In view of the large amount of research and diagnosis and treatment data on AD disease at present, it is necessary to conduct a comprehensive analysis of AD, clarify the current research and clinical application progress on the pathogenesis and diagnosis and treatment scheme of the disease, and provide ideas for the future research direction, diagnostic technology and methods on depression, with a view to providing ideas for further research and clinical practice.
2. Pathogenesis of Alzheimer’s Disease
AD is a common neurodegenerative disease. Clinically, it is characterized by memory impairment, aphasia, agnosia and impairment of visuospatial skills, even dementia. 30% - 50% of patients with AD have some mental behavior abnormalities more or less. The most common ones are vision and hallucinations, as well as aggressive behavior, restlessness, depression, etc. Its incidence rate is increasing year by year worldwide. However, almost all drugs targeting the classical pathogenesis have not achieved satisfactory clinical effects. This makes scientists gradually shift from simple amyloid-hypothesis to new pathogenesis theory, including gamma oscillation, prion like transmission, cerebral vasoconstriction, the role of growth hormone secretagogue receptor 1 (GHSR1) α pathways, microbial infection, and inflammation dissipation disorders. The amyloid cascade hypothesis and tau hyperphosphorylation hypothesis are considered to be the classical pathogenesis of AD [1].

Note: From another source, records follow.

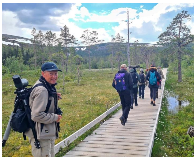
På väg mot vattenfallet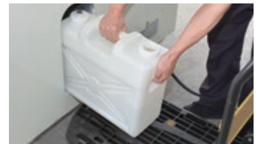
排水口が無い場所でも使用できるドレンタンク式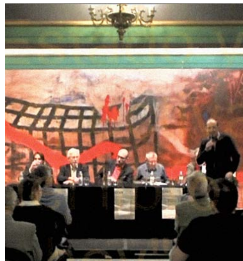
Presentación de la mesa

“ El libro, como la educación pública, las bibliotecas públicas, es también un problema social e institucional. ”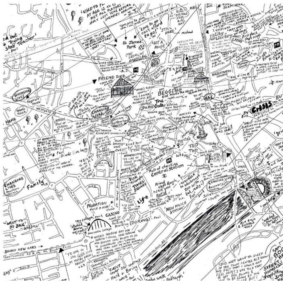
Carte « Spaces of Homelessness » par Lovely Jojo.

Des chercheurs de la ville de Newcastle au Royaume-Uni ont organisés 6 ateliers de contre-cartographie avec 30 personnes vivant dans la rue ou hébergées dans des logements accompagnés. Un fond de carte vierge de la ville était présenté aux participants qui devaient écrire dessus des événements de leur vie et des expériences de leurs quotidiens situés sur la carte. Cela permettait de montrer la diversité du vécu des sans-abris dans la ville. L'outil cartographique a notamment permis aux participants de s'approprier facilement l'atelier.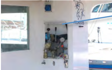
Distributore centralina idraulica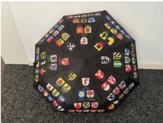
Ansicht aussen: 86 Gemeinden mit Wappen

Schirm mit den Wappen aller Gemeinden im Kanton BL (Knirps®)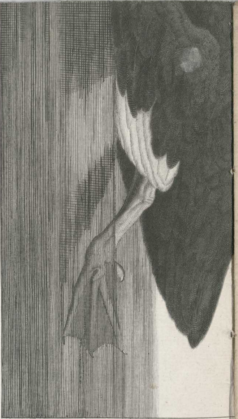
Atlas du Voyage à la recherche de la Pérouse, N° 9.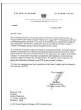
GCから受領した Notable COPレター

当社は、グループ横断的なCSR活動を推進しながら、株主・投資家の皆様に企業活動をご理解いただくため、積極的に情報開示や対話などのコミュニケーション活動を行っています。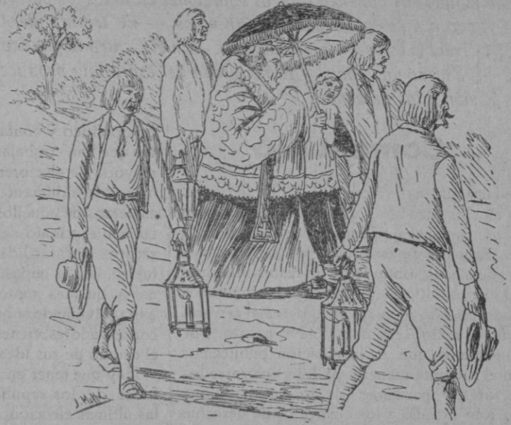
Ets estudiants al punt tornaren ab so combregar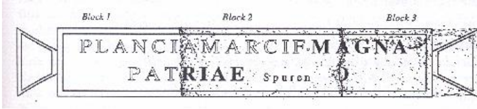
Res. 2: Latince yazıtın çizimi (Şahin, I.v.Perge I, s. 119)

(a) Üç bloktan oluşan tabula ansata içinde Latince yazıt. Yazıtın sol kısmını oluşturan blok yitik. Orta blok ve tabula ansata içeren sağ blok üç kemerli kapının orta kemerinin dış tarafında yerde bulunmuş. Orta blok üzerindeki yazıtın büyük kısmı başka bir blok tarafından kapatılmış. Yazıt üzerindeki dübel delikleri metal harflerden oluştuğunu gösteriyor.

Amyloid cascade hypothesis: Aβ protein is a transmembrane protein, which mainly hydrolyzes Aβ precursor protein (APP). The accumulation of β-amyloid protein (Aβ) and accumulation in amyloid plaques are considered to be the key pathogenesis of AD. The first pathological change of AD is often the Aβ protein deposition in hippocampus. The Aβ protein in the form of amyloid plaques in hippocampus and basal ganglia will recruit more Aβ proteins to form insoluble aggregates, induce mitochondrial damage, destroy homeostasis, and cause synaptic dysfunction. Microglia and astrocytes are activated and induce related inflammatory reactions and oxidative stress, which eventually lead to neuronal dysfunction and apoptosis, causing the occurrence of AD.
Hypothesis of tau protein hyperphosphorylation mechanism: Tau protein is a microtubule associated protein produced by alternative splicing of microtubule-associated protein tau (MAPT) gene. The functions of Tau protein include maintaining microtubule structure and assisting in cytoplasmic transport, maintaining synaptic structure and function, and regulating neuronal signal transduction. Hyperphosphorylated tau protein in the brain of AD patients leads to the configuration changes and the loss of tubulin polymerization ability, resulting in the impairment of microtubule function. Meanwhile, tau acetylation and truncation inhibited its ability to bind to microtubules. Due to its ity, the pathogenesis of pathological tau remains to be clarified in the point of view of western medicine.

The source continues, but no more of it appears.